【皐月から差は開く】
サートゥルナーリアが
皐月賞の辛勝を戒めにダービーでさらなる飛躍を果たす。
皐月賞の体重は前走比マイナス4キロの496キロ、
ホープフルSより仕上げの精度はアップしていた。しかし、身体の造りはまだ水っぽい。GIにはギリギリの研磨が必要、2着敗退もあるのではないか?――ふと怖さの念も沸いてきたが、多少緩い身体でも、返し馬でグッとハミをとった時の肩や首の入れ方と推進力は尋常ではない。
好スタートを決め2コーナーを抜けるまでにある程度のポジションをうかがい、1000mは59秒1のミドルペースで通過。追い出しを開始したラスト3Fのレースラップは11秒7-11秒6-11秒4(34秒7)。GIという舞台でこの加速ラップには、馬だってビックリ。初めてムチを入れられ、全力で走っても手強い相手がいることにも驚いたが、最後は頭差押圧。「競馬は甘くない」――辛勝ゆえ逆に、ダービーへの覚悟もかたまったか。
ちなみに1分58秒1というタイムは、過去10年では4番目。
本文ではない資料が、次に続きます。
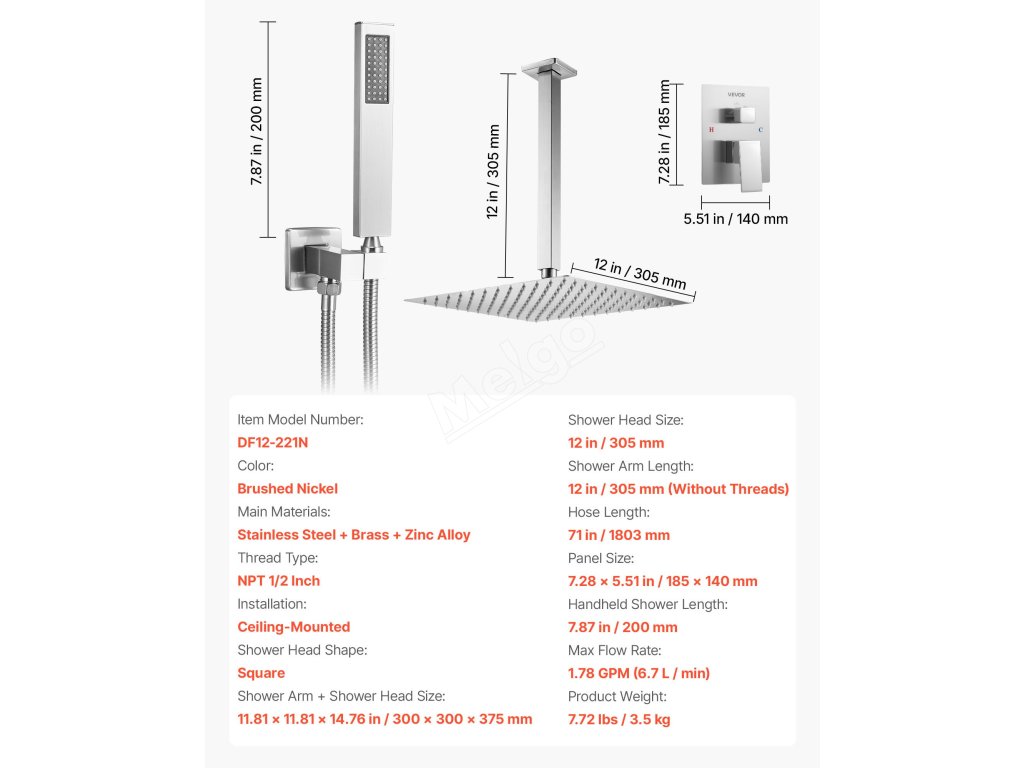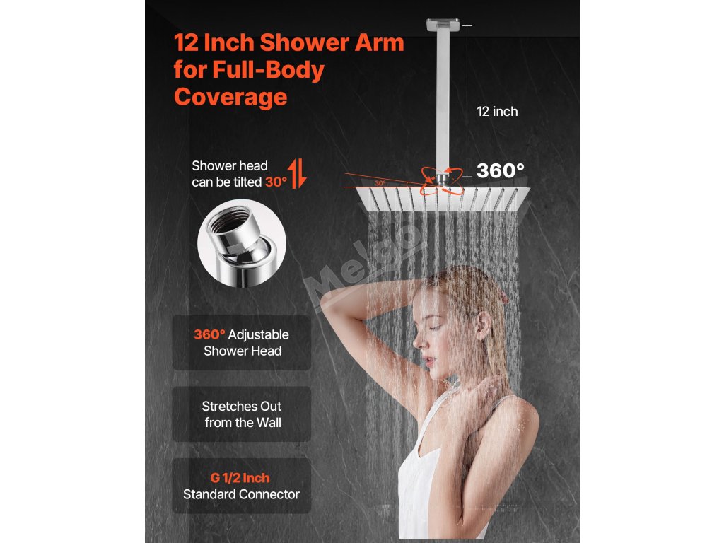 | Veľkosť sprchového ramena + sprchovej hlavice | 11.81 x 11,81 x 14,76 in/300 x 300 x 375 mm |

全体時計に特別感はないけれど、上り3Fははっきりとした加速ラップを提示しており、Hペースや展開に助けられたわけではなく、自らの力でゴール板に向かい加速続けており、「ダービーは、
皐月賞でもっとも速い、印象的な脚を使った馬を狙え」という、古くからの格言が、
サートゥルナーリア以下上位2頭にピタリと当てはまる。
これまでのレースを見ると、
皐月賞も含め右回りは
トップギアに入るまで、勝負どころで一瞬モタつく面を見せるが、左手前で走る東京替わりはプラスと陣営は読んでいるし、単純にダービーは、モタつきを許さないほど、ギリギリに身体も作ってくるだろう。実際皐月の時よりは、脂肪が抜け、後肢もきちっと入るようになり、立ち姿の腰の位置が高くなっている。鞍上はレーン。手代わりに不足なし。
精密でタフな上りラップを思うと、今年の
皐月賞上位馬は相当に強力だ。対抗は素直に皐月2着の
ヴェロックスを推奨したい。
2歳秋の野路菊賞や東京スポーツ杯の頃は、数字はともかく胸前が薄い。腰が固まり切れず、ここぞというところでもうひと押しが効かなかった。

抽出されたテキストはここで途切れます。